Disused animal burial ground in London

The Hyde Park pet cemetery (originally the London Hyde Park Dog Cemetery and advertised as The Secret Pet Cemetery of Hyde Park) is a disused burial ground for animals in Hyde Park, London. It was established in 1880 or 1881 in the garden of Victoria Lodge, home of one of the park keepers. The cemetery became popular after the burial of a dog belonging to Sarah Fairbrother, wife of Prince George, Duke of Cambridge. Some 1,000 burials were carried out before the cemetery was generally closed in 1903; sporadic burials were carried out thereafter until 1976. Most of the animals are dogs, though some cats, monkeys and birds were also buried. The site is owned by the charity The Royal Parks and not open to the public except as part of occasional tours.

== Origins ==
The cemetery lies in the garden of Victoria Lodge, a mid-19th century single-storey structure that provided accommodation for the keep of the park's Victoria Gate. A 1912 article in The Animals' Guardian by L Gordon-Stables attributes the foundation of the cemetery to Prince Arthur, Duke of Connaught and Strathearn in 1880 but more recent sources place its foundation with the burial of a dog named Cherry in 1881. Cherry was a Maltese dog that belonged to the children of Mr and Mrs J. Lewis Barned. Cherry and the Barned family often visited Hyde Park and were friendly with Mr Winbridge, the keeper of Victoria Lodge, from whom they would often buy refreshments and visit the lodge garden. Cherry died of old age on 28 April 1881 and Winbridge agreed to bury the animal in the lodge garden.
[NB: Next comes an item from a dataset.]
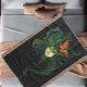 Una hembra seca con hermosas hojas verdes en un fondo negro con una gran mariposa naranja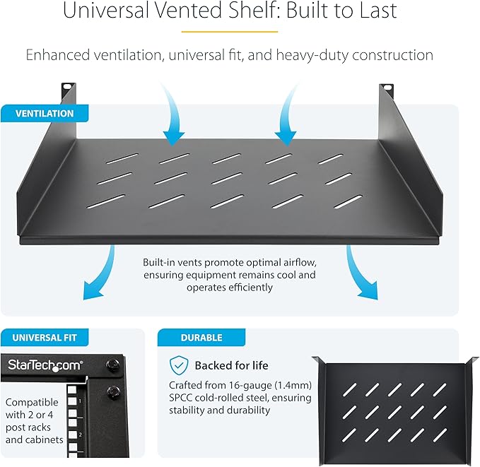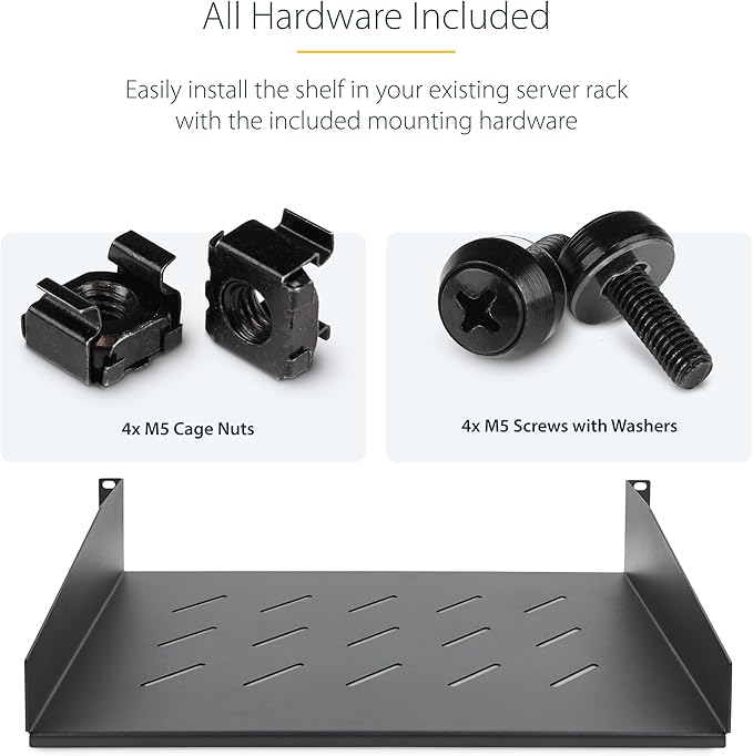 - UNIVERSAL 19'' FIT: 2U vented rack-mount shelf is designed to fit EIA-310-compliant 19-inch server racks or cabinets; Mounting depth of 12.4 inches (31.5cm) for data, IT, networking, or non-rack mountable equipment

The second burial was that of Prince, the dog of Sarah Fairbrother, wife of Prince George, Duke of Cambridge. Prince was crushed under a carriage wheel near Victoria Lodge in June 1882, a not uncommon fate for dogs in the park during this period. Winbridge, a former servant of the duke, brought Prince into the lodge where he died and afterwards buried him in the garden.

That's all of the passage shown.